= Mark W. Summers =

American historian

Mark Wahlgren Summers (born 1951) is an American historian who is a professor at the University of Kentucky. He has written books about political cartoons, the election of U.S. president Grover Cleveland in 1884, and the role of fear in American politics after the Civil War.

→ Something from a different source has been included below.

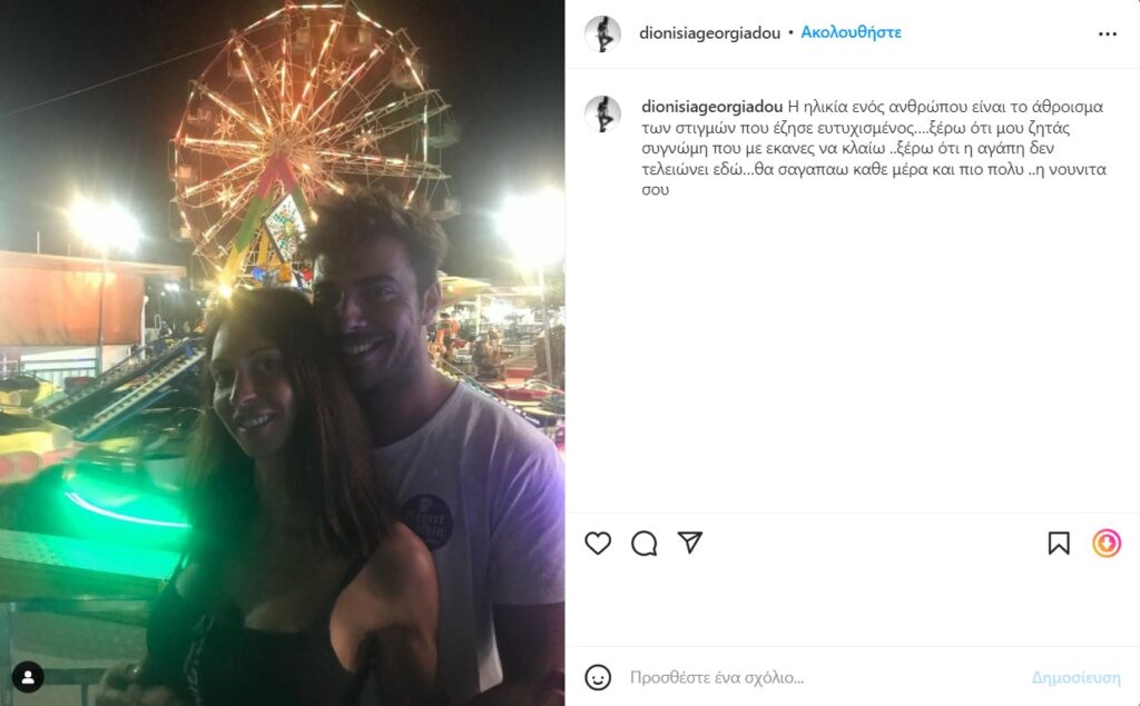 Συγκεκριμένα η Διονυσία δημοσίευσε μια κοινή τους φωτογραφία στο instagram και έγραψε στην λεζάντα:

His father Clyde Summers was a law professor at Yale University.

==Writings==
- A Student Cartoonist's View of Great Figures in American History (1972)
- The Presidency in Political Cartoons, 1776-1976 (1976)
- Railroads, Reconstruction and the Gospel of Prosperity (1984)
- The Plundering Generation: Corruption and the Crisis of the Union, 1848-1861 (1987)
- The Era of Good Stealings (1992)
- The Press Gang (1994)
- The Gilded Age (1997)
- Rum, Romanism, and Rebellion: The Making of a President, 1884 (2000)
- A Dangerous Stir: Fear, Paranoia, and the Making of Reconstruction (2009)

==Articles==
- "The Chimera of Whig Persistence: Louisiana and the Election of 1865" (1983)
- "A Band of Brigands: The 'Gridiron' Legislature and the Nomination of Lincoln" (1984)
- "The Press Gang" (1990)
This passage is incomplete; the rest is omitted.